At a hearing Tuesday, members of the Senate Permanent Subcommittee on Investigations grilled Apple CEO Tim Cook over allegations that the company’s Irish subsidiaries help it avoid billions in U.S. taxes. It was a moment of high drama, a CEO of the world’s most valuable company testifying before Congress for the first time ever. Cook did so voluntarily. And he parried the volley of questions from senators, insisting that the company’s overseas operations have nothing to do with reducing Apple’s U.S. taxes.
“We pay all the taxes we owe — every single dollar,” Cook said. “We don’t depend on tax gimmicks.”
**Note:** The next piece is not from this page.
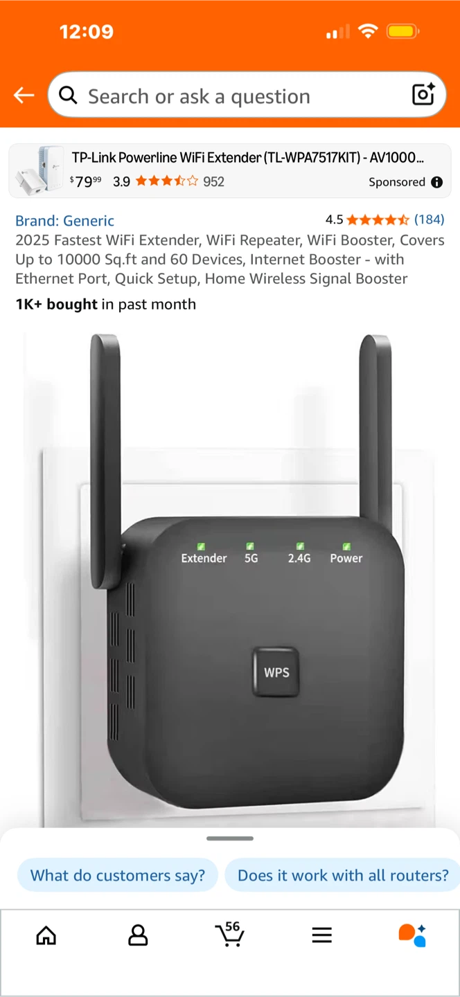 I'm selling a WiFi extender. This WiFi repeater and booster covers up to 10000 Sq.ft and 60 devices. It also includes an Ethernet port for quick setup and home wireless signal boosting. It was originally $79.99

The subcommittee released a report Monday that held up Apple as an example of the legal tax avoidance made possible by the U.S. tax code. Apple paid $6 billion in taxes last year. But the subcommittee estimates that Apple avoided at least $3.5 billion in U.S. federal taxes in 2011 and $9 billion in 2012 by using its tax strategy, and described a complex setup involving Irish subsidiaries as being a key factor.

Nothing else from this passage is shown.